Although novel molecular targeted drugs have been recognized as an effective therapy for non-small cell lung cancer (NSCLC) harboring epidermal growth factor receptor (EGFR) activating mutations, their efficacy fails to meet the expectation due to the acquired resistance in tumors. Up-regulation of the anti-apoptotic protein Survivin was shown to contribute to the resistance to EGFR tyrosine kinase inhibitors (TKI) in EGFR mutation-positive NSCLC. However, the unorganized tumor blood vessels impeded drug penetration into tumor tissue. The resulting insufficient intracellular drug/gene delivery in drug-resistant cancer cells remarkably weakened the drug efficacy in NSCLC. In this work, a multi-functional drug delivery system AP/ES was developed by using anti-EGFR aptamer (Apt)-modified polyamidoamine to co-deliver erlotinib and Survivin-shRNA. Chloroquine (CQ) was used in combination with AP/ES to normalize tumor vessels for sufficient drug/gene delivery to overcome drug resistance in NSCLC cells. The obtained AP/ES possessed desired physicochemical properties, good biostability, controlled drug release profiles, and strong selectivity to EGFR-mutated NSCLC mediated by Apt. CQ not only enhanced endosomal escape ability of AP/ES for efficient gene transfection to inhibit Survivin, but also showed strong vessel-normalization ability to improve tumor microcirculation, which further promoted drug delivery and enhanced drug efficacy in erlotinib-resistant NSCLC cells.
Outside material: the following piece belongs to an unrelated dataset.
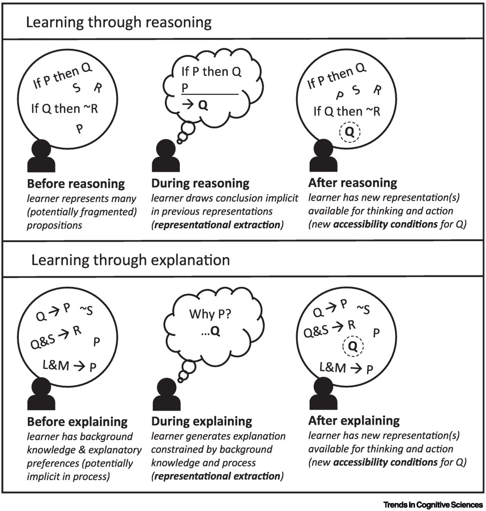 Two examples of LbT, schematically representing the role of representational extraction and its consequences for the accessibility conditions of representations. Note that LbT processes can change multiple representations; for example, explaining might not only result in the explicit representation of some explanation, Q, but also in the target of that explanation being represented at a different level of abstraction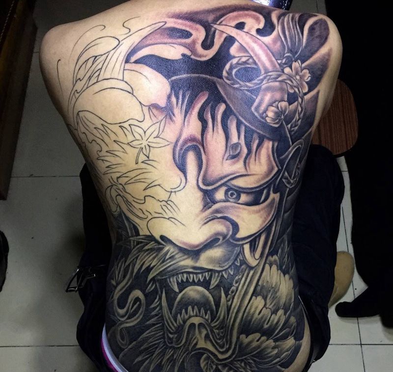 • 黑灰满背纹身图案

Our innovative gene/drug co-delivery system in combination with CQ showed a promising outcome in fighting against erlotinib resistance both in vitro and in vivo. This work indicates that normalization of tumor vessels could help intracellular erlotinib/Survivin-shRNA delivery and the down-regulation of Survivin could act synergistically with erlotinib for reversal of erlotinib resistance in EGFR mutation-positive NSCLC.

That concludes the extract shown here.